Senators divided over Buhari’s ‘lopsided’ security appointments

Nigerian senate chambers
Nigerian senate chambers

Some senators on Tuesday had heated argument over composition of the National Defence Council and the National Security Council.

While some of the lawmakers alleged that President Muhammadu Buhari deliberately side-lined the south east, by not appointing anyone from the region, others said the president made his appointment with consideration of federal character.

The arguments came after Victor Umeh (Anambra, APGA) moved a motion for ‘urgent need to appoint a representative of the South-East into the National Defence Council and the National Security Council.’

Mr Umeh expressed worry that no Service Chief as appointed to two councils is from the South-East of Nigeria contrary to federal character as provided by the constitution.

“The senate is further worried that the Defence and Security Advice relayed to the President by members of the Defence and Security Councils (which excluded Security Officers from the five states that make up the South-East of Nigeria) may not likely represent fair and equitable Security Situation of the South-East of Nigeria,” he said.

He prayed the president reconstitute membership of the councils and appoint an officer from the South-East as a Service Chief for equitable representation.

First to comment was Enyinnaya Abaribe (Abia-PDP), who accused Mr Buhari of deliberately excluding the South East in his appointment.

Quoting Section 5 (1) A and B of the constitution, Mr Abaribe said the constitution mandates Mr President to be fair to all regions in his appointment.

“Mr President does not have an option,” he said. What we have seen is a deliberate. I repeat, a deliberate misreading of the constitution as to the powers of Mr President to decide on his own to determine who he can appoint.
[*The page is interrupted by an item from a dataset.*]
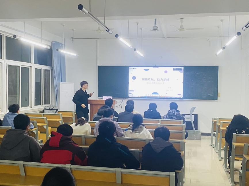 为引导新生及时适应研究生学习生活,对个人科研学业与职业生涯做出清晰规划,2023年11月5日,av网站 在沙河院区励精楼408教室开展研究生“朋辈领航”分享交流会,2023届硕士毕业生李建、孙爽,2021级博士周新越主讲,2023级研究生参会。会议由研新能源2355班团支书高兆文主持。
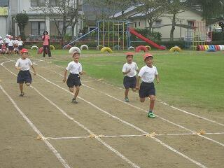 『2時間目、1・2年生がまずは徒競走を行っていました。この記録をもとに団分けをします。まっすぐ走ってね。』

“I’m very glad that in the motion of the matter of what constitutes the defence council. Section H says such other members as the president may appoint which gives Mr President the option to co-opt people from outside the service chiefs in whichever way that he wants.

“What we are saying is the fact that despite the provision of the constitution, despite the options that are given, there is a deliberate attempt not to let some part of this country to be part of the security architecture and that, we are saying is not so good for this country.”

Senate Deputy Majority Leader, Ibn Na’ Allah, attacked the mover of the motion, noting that his presentation was a misinterpretation of the provision of the constitution.

“The position taken by Senator Umeh is a gross misunderstanding of the provision of the constitution. There is a clear distinction between what is called the officer corps and appointment.

“Section 219 makes it imperative for the president to make appointment and bring such to the Senate for confirmation where everyone is represented. The entire list in the motion sponsored by Senator Umeh were brought here. The senate found it convenient and expedient to at that time to approve that appointment and everybody was in the senate.

“At the recruitment level, the army, navy and air force does what they call federal character. But all are called and few are given. It will not be the fault of the Nigerian Army that for example that five candidates are brought from Kebbi and three ran away after the course or they commit an offence.

“At this stage, let me say that it has never been since independence that the policy of any government will be to deliberately exclude a section of this country.”

Also, Barau Jibrin (Kano-APC) attacked Mr Umeh. He said the National Security Council already has a South East representative.

“The assertion by Mr Umeh is not correct. Its misleading. He omitted the fact that the Minister of Foreign Affairs who is from the south east, Emeka Onyeama, is a member of the National Security Council. I therefore call on Senator Umeh to apologise for misguiding the senate.”

He was promptly confronted by Mao Ohabunwa (Abia-PDP) who said the motion dwells more on the National Defence Council.

“If you look at the motion from the beginning, its talking about the National Defence Council, he said. “Everything in this country should be inclusive. Its not about federal character we agreed at the section of joining the force but what we are saying is that national council made up of about eight people. I don’t see anything difficult to use his power, consult other persons. I don’t see anything wrong for inclusiveness to appoint someone from the south east to be part of this council.”

The Senate President, Bukola Saraki, merely ruled that the issue be ‘noted’ as the lawmakers could not reach a consensus.

“If we take different parts of the constitution, we can see different parts that support the argument. It’s not a motion that we’ll be able to get a consensus for because of different interpretation. The points have been well highlighted and I think, in my own view, this is not a motion that we’ll be able to reach consensus on. I will like to rule that what you have raised is noted,” he said.